If a picture appears in the records below, drop it, and reproduce everything else exactly.

* Materials provided

=== Begin Enclosure ===

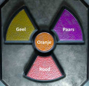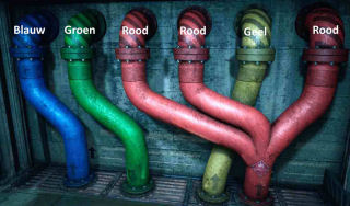 Druk op ruit, brandbaar en rood, waardoor de eerder ingedrukte knoppen vanzelf terugspringen. In de rechter gang komt nu geen damp meer uit de rode buis.
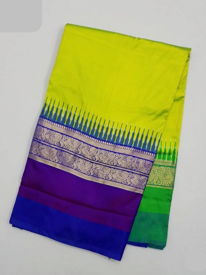 The saree features a traditional plain lemon green body, creating a bright and auspicious look ideal for celebrations. Enhancing its beauty are the classic ikkat Ganga Jamuna borders woven on both sides in blue, violet, and green, symbolizing harmony and traditional aesthetics. Adding grandeur to the saree is a rich golden Kanchipuram-style border, which elevates the saree with a regal and wedding-ready appeal.
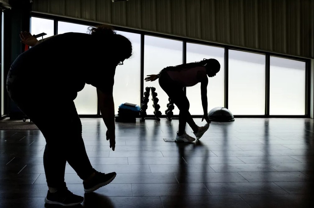 Personal trainer Myesha Stovall, right, and Carolsue Billingsley finish a workout session at the Delta Wellness Center in Leland, Miss., on Thursday, June 6, 2024. Credit: Eric Shelton/Mississippi Today
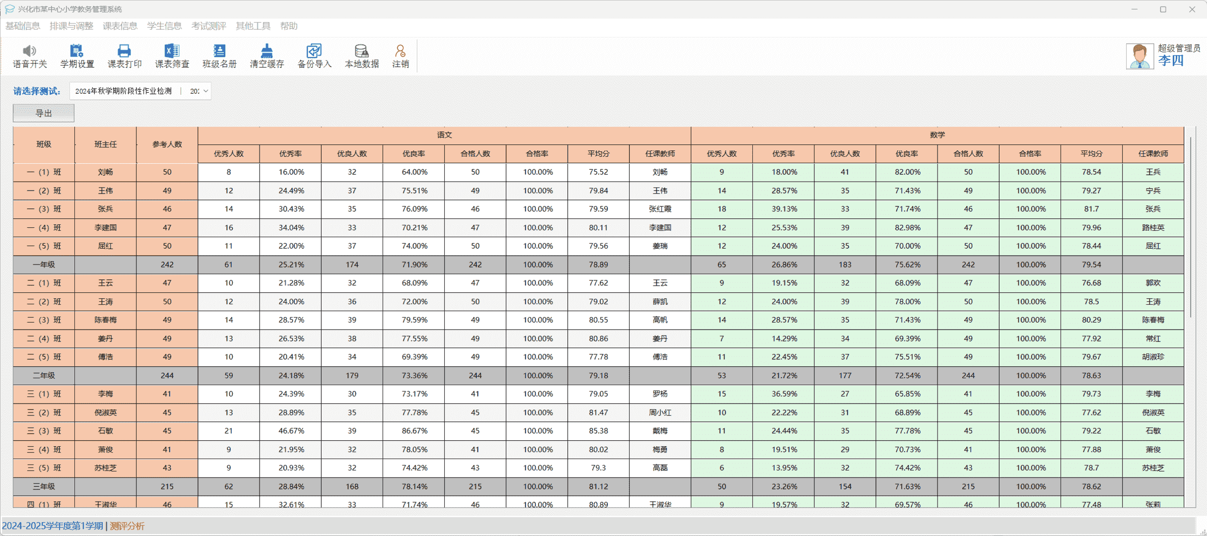 3.选择测试年级或班级。
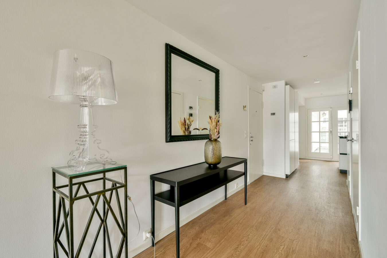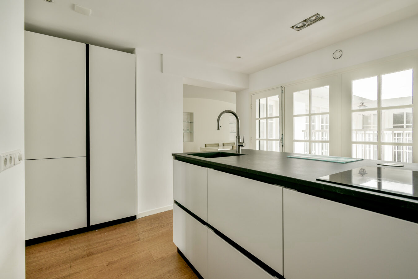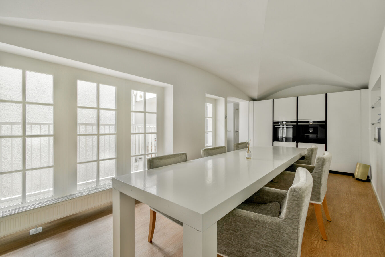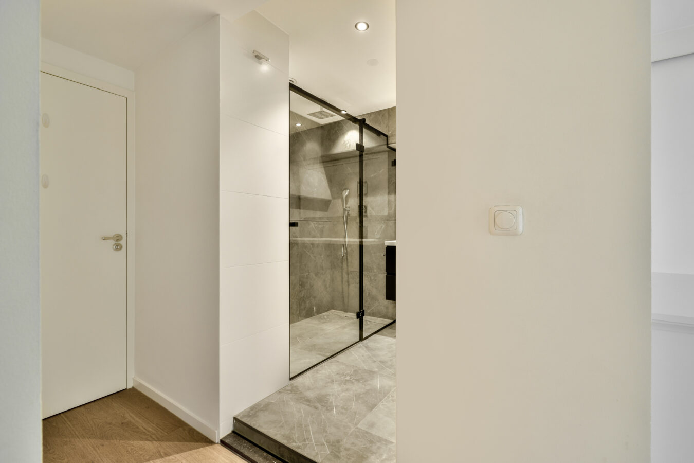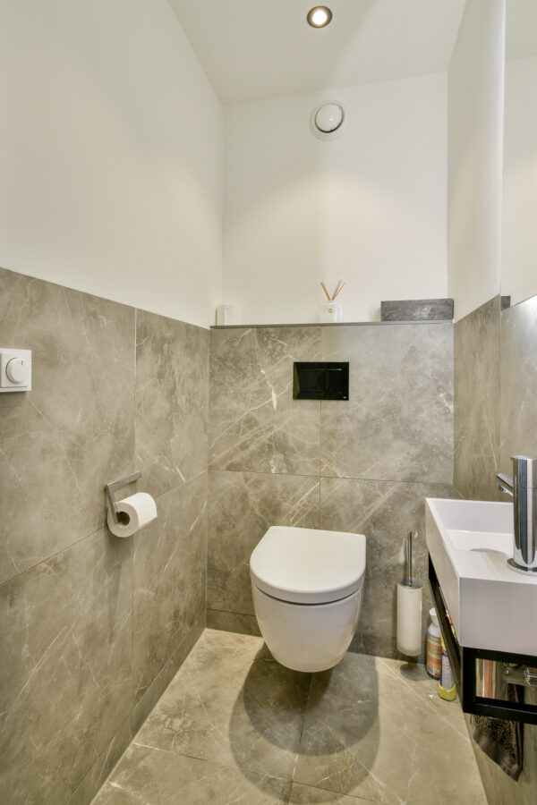 Aangrenzend bevindt zich een berging met ruimte voor wasmachine, droger en de cv-installatie, evenals extra opbergruimte. Het gastentoilet met fontein is stijlvol afgewerkt. De semi-open keuken is voorzien van moderne apparatuur, waaronder een quooker, inductiekookplaat, vaatwasser en koel-vriescombinatie. Vanuit de keuken heeft u toegang tot het balkon, dat ook grenst aan de ruime eetkamer.

=== End Enclosure ===

* Answer box
 Druk op ruit, brandbaar en rood, waardoor de eerder ingedrukte knoppen vanzelf terugspringen. In de rechter gang komt nu geen damp meer uit de rode buis.
 The saree features a traditional plain lemon green body, creating a bright and auspicious look ideal for celebrations. Enhancing its beauty are the classic ikkat Ganga Jamuna borders woven on both sides in blue, violet, and green, symbolizing harmony and traditional aesthetics. Adding grandeur to the saree is a rich golden Kanchipuram-style border, which elevates the saree with a regal and wedding-ready appeal.
 Personal trainer Myesha Stovall, right, and Carolsue Billingsley finish a workout session at the Delta Wellness Center in Leland, Miss., on Thursday, June 6, 2024. Credit: Eric Shelton/Mississippi Today
 3.选择测试年级或班级。
 Aangrenzend bevindt zich een berging met ruimte voor wasmachine, droger en de cv-installatie, evenals extra opbergruimte. Het gastentoilet met fontein is stijlvol afgewerkt. De semi-open keuken is voorzien van moderne apparatuur, waaronder een quooker, inductiekookplaat, vaatwasser en koel-vriescombinatie. Vanuit de keuken heeft u toegang tot het balkon, dat ook grenst aan de ruime eetkamer.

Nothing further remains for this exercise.